**DIRECTIONS FOR THIS TASK**
Only the lines from the one that contains "Spicy and tangy" through the last line of the data below should be duplicated, exactly and without pictures.

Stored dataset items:
----------------------------------------

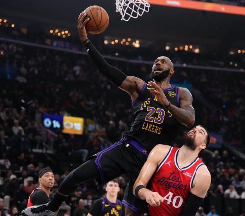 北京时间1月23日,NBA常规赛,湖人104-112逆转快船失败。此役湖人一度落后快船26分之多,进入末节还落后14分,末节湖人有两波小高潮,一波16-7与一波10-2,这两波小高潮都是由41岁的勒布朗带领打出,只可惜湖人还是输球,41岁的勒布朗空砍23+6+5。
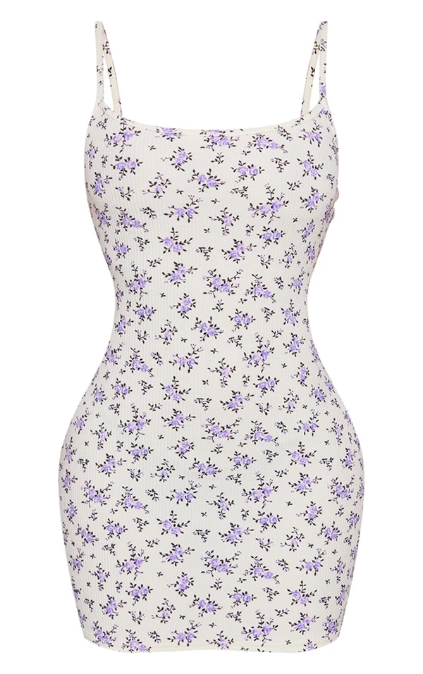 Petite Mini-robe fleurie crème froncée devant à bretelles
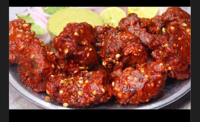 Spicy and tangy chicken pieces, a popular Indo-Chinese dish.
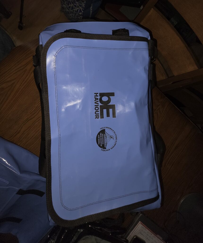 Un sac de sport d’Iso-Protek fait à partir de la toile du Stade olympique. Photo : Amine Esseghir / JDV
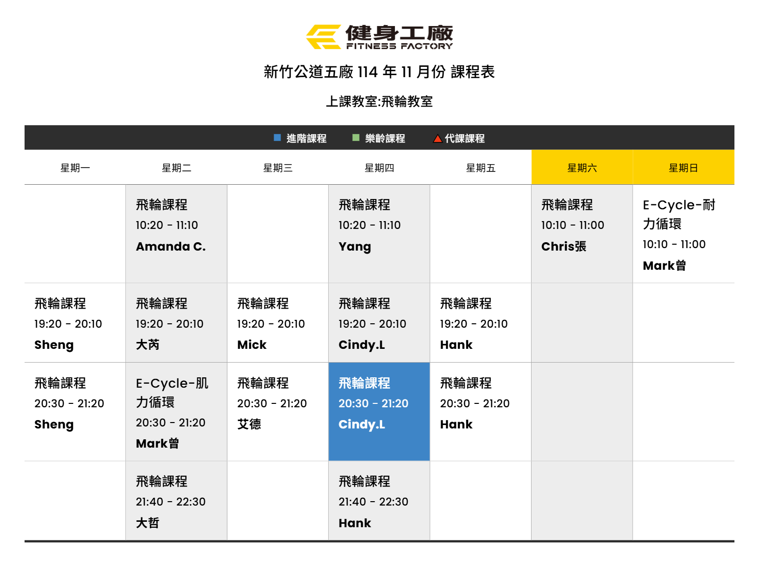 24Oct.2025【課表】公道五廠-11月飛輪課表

----------------------------------------

**ANSWER BOX**
 Spicy and tangy chicken pieces, a popular Indo-Chinese dish.
 Un sac de sport d’Iso-Protek fait à partir de la toile du Stade olympique. Photo : Amine Esseghir / JDV
 24Oct.2025【課表】公道五廠-11月飛輪課表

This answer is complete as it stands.